Hey Jason, first of all thanks for the post, all your posts are extremely useful. Anyway I am slightly confused by the second plot in section 3: underfit model. Is this not over fitting here? The model has low loss on the training error but high loss on the validation set i.e. not generalizing well? The recommendation you have in this case is to increase the capacity of the model, but would this not just improve the fit on the training set and hence widen this gap between val and training loss?
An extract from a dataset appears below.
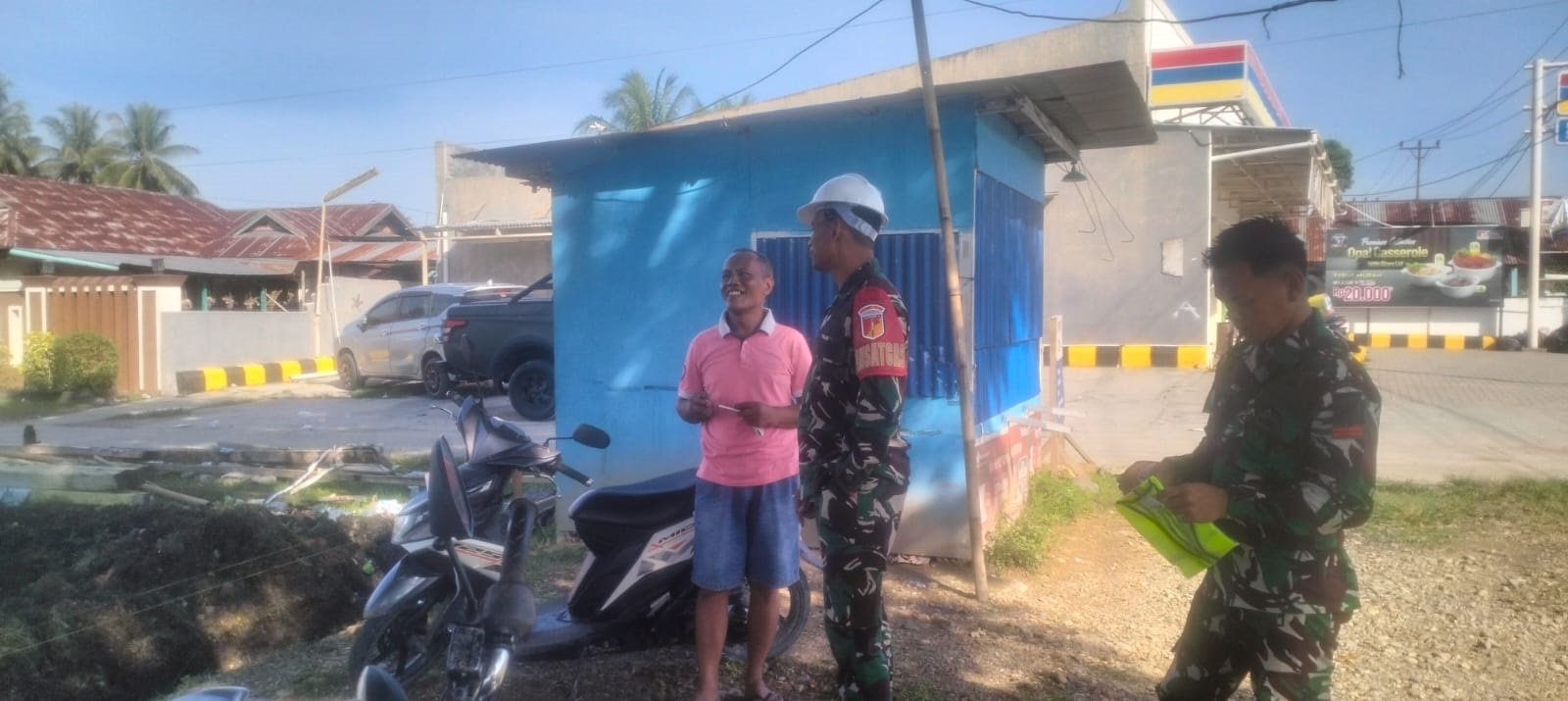 Kegiatan di mulai pukul 07.50 Wita, dengan Kepala Desa Isa Amir Hanafi, Babinsa Koptu Muhamad Setiawan, Batih Tuud Serka Suton Djabi, dan konsultan proyek Wahidin Ponto mendampingi. Mereka meninjau pondasi hingga struktur dasar bangunan.

Cheers, Mike

Note the lines start and remain far apart. This is the signal we are looking for when underfitting.

Dear Jason,

I am using a LSTM to predict some timeseries data.

Here is my model with early stopping.

https://photos.app.goo.gl/WuPELturhc8Z4JbP9

And here it is running for 100 epochs.

https://photos.app.goo.gl/p1h4PQdC1CE6wJHq8

Is this looking okay, am I overfitting? I am wondering why the validation loss is smaller than training loss in the beginning?

Many thanks for your help, and giving us this all this great work.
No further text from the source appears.